You’ll be using both Prometheus and StatsD metrics as a way to show how two types of metrics collection protocols can coexist. StatsD is a push-based tool, whereas Prometheus is a pull-based tool. Systems using StatsD will be pushing data to a collector service, whereas Prometheus will pull that data from the emitting systems.
You’ll start by adding the services described in figure 11.2 to the Docker compose file, then you’ll focus on configuring both the StatsD exporter and Prometheus. The last step will be to create the dashboards in Grafana and start monitoring the services and the event queue. All the code is available in the book’s code repository.
The Docker compose file (see the next listing) will allow you to boot all the services and infrastructure needed for the place orderfeature. For the sake of brevity, we’ll omit the individual services and will only list the infrastructure- and monitoring-related containers.

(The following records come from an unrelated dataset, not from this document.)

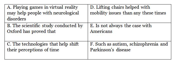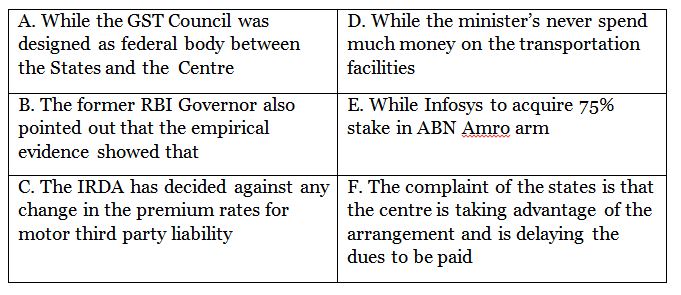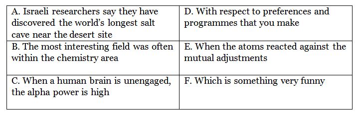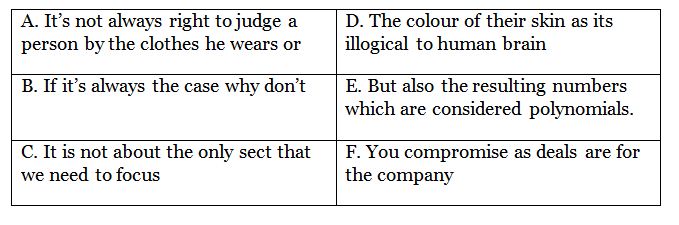 Direction (1-10): In the following questions two columns are given containing three sentences/phrases each. In first column, sentences/phrases are A, B and C and in the second column the sentences/phrases are D, E and F. A sentence/phrase from the first column may or may not connect with another sentence/phrase from the second column to make a grammatically and contextually correct sentence. Each question has five options, four of which display the sequence(s) in which the sentences/phrases can be joined to form a grammatically and contextually correct sentence. If none of the options given forms a correct sentence after combination, mark (e), i.e. “None of these” as your answer.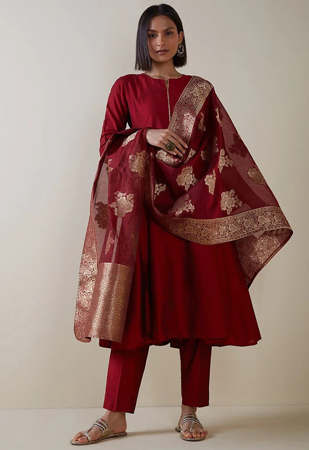 Elevate your ethnic wardrobe with this elegant Women’s Silk Kurta Pant Dupatta Set. Crafted in premium cotton silk fabric, this set offers comfort with a luxurious touch. The solid kurta features a graceful 43-inch length with ¾ sleeves, perfectly paired with stylish cotton silk pants. Completing the look is a silk blend dupatta with rich jacquard work, adding festive charm. Ideal for casual gatherings, festive occasions, and traditional celebrations.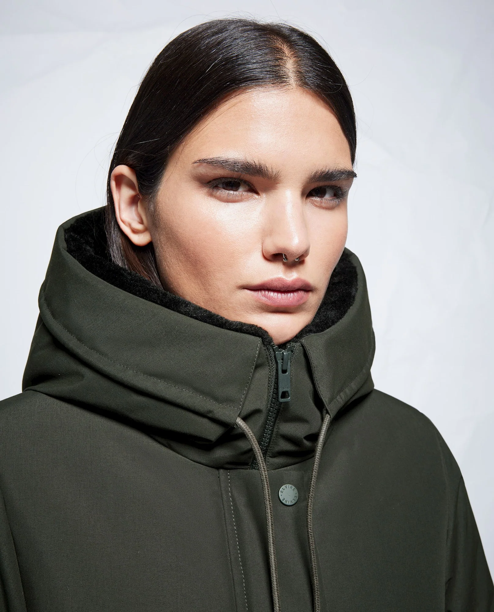 De TIRIL winterjas voor dames is een echte bestseller op de webshop. Deze terugkomende winterjas is perfect voor strenge winters en houd je dan ook warm tijdens de kou en droog tijdens een harde regenbui. De capuchon kan worden aangetrokken met het trekkoord en de zakken in de taille zijn voorzien van een onzichtbare ritsen. Een extra verrassing bij deze jas zijn de zakken, capuchon en de rug waar een ultra zachte fleece in is verwerkt. Shop deze heerlijke winterjas nu in de prachtige donker groene kleur.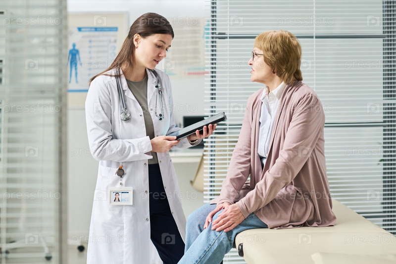 Женщина-врач консультирует взрослую женщину Молодая женщина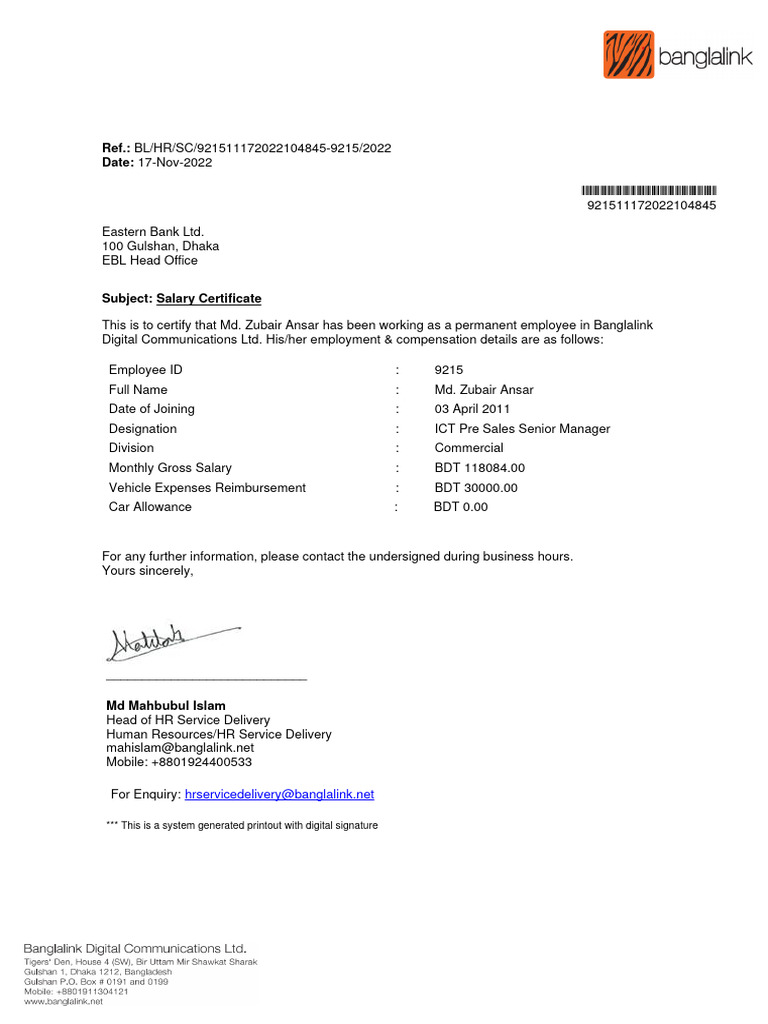 This is to certify that Md. Zubair Ansar has been working as a permanent employee in Banglalink

Listing 11.1 docker-compose.yml file
(…)
rabbitmq: ①
container_name: simplebank-rabbitmq
image: deadtrickster/rabbitmq_prometheus
ports:
- "5673:5672"
- "15673:15672"
redis:
container_name: simplebank-redis
image: redis
ports:
- "6380:6379"
statsd_exporter: ②
image: prom/statsd-exporter
command: "-statsd.mapping-config=/tmp/
➥statsd_mapping.conf" ③
ports:
- "9102:9102"
- "9125:9125/udp"
volumes:
- "./metrics/statsd_mapping.conf:/tmp/statsd_mapping.conf"
prometheus: ④
image: prom/prometheus
command: "--config.file=/tmp/prometheus.yml
➥--web.listen-address '0.0.0.0:9090'" ⑤
ports:
- "9090:9090"
volumes:
- "./metrics/prometheus.yml:/tmp/prometheus.yml"
statsd: ⑥
image: dockerana/statsd
ports:
- "8125:8125/udp"
- "8126:8126"
volumes:
- "./metrics/statsd_config.js:/src/statsd/
➥config.js" ⑦
grafana: ⑧
image: grafana/grafana
ports:
- "3900:3000"
As we mentioned before, the services involved in the place order feature emit metrics in the StatsD format. In table 11.1, we list all the services and the metrics each one emits. The services will all be emitting timer metrics.
Service | Metrics |
Account transactions | request_reservation |
Fees | charge_fee |
Gateway | health, sell_shares, |
Market | request_reservation, place_order_stock_exchange |
Orders | sell_shares, request_reservation, place_order |
The mapping config file allows you to configure each metric that StatsD collects and add labels to it. The following listing provides the mapping you’ll create as a configuration file for the statsd-exporter container.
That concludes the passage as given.